This is not merely biological but deeply spiritual. The idea is that:

  • Blood = life force.
  • To spill blood is to empty life.
  • To offer blood is to offer life.

In a sacrificial context, the blood of an animal was a life-for-life substitution, prefiguring the once-for-all sacrifice of Christ:

"He poured out His soul to death..." (Isaiah 53:12)
"This is My blood of the covenant, poured out for many for the forgiveness of sins." (Matt. 26:28)

Why is blood required?

  • Blood signifies life: In ancient Israel, life was sacred because it came from God. Blood was not just a bodily fluid; it symbolized the very essence of life.
  • Sin brings death (Romans 6:23).

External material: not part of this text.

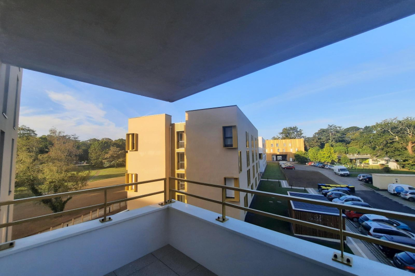 Un appartement au sein d'une résidence de 2023de type 2 d'une surface 41m² comprenant un séjour-cuisine aménagée et équipée (plaques, hotte), une chambre, une salle d'eau avec wc et un balcon.

Bloodshed was a vivid and costly reminder that sin has a price: the forfeiture of life. A substitute life, through blood, could be offered to uphold both justice and mercy.

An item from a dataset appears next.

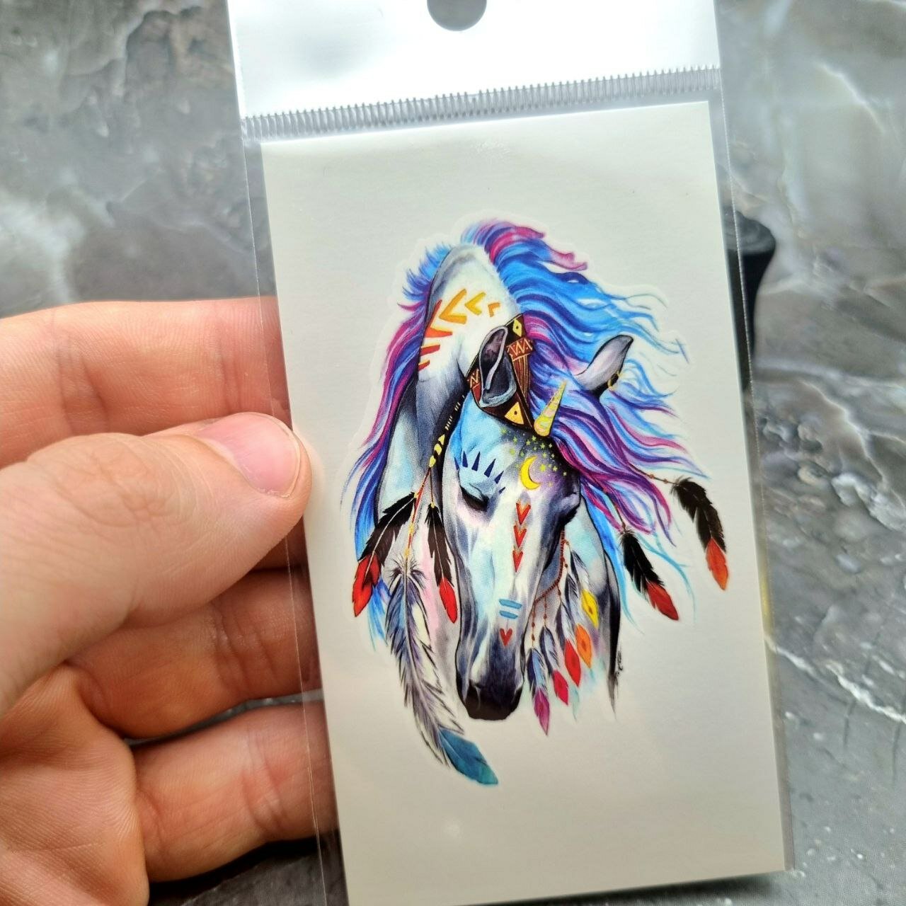 Купить Временная переводная татуировка Радужный единорог, несмываемая, 1 шт. в наборе, лист 10.5х6см.

Thus, forgiveness isn't a matter of forgetting sin, but of covering it through a life exchanged.


2. “Unless You Drink My Blood…”

John 6:53–56

"Unless you eat the flesh of the Son of Man and drink His blood, you have no life in you... For My flesh is true food, and My blood is true drink."

This was shocking to Jesus' audience. But He was not advocating cannibalism; He was teaching a spiritual mystery:

  • To drink His blood is to take in His life, poured out in love.
  • To partake in His blood is to join His covenant, like ancient sacrifices which were sealed with blood.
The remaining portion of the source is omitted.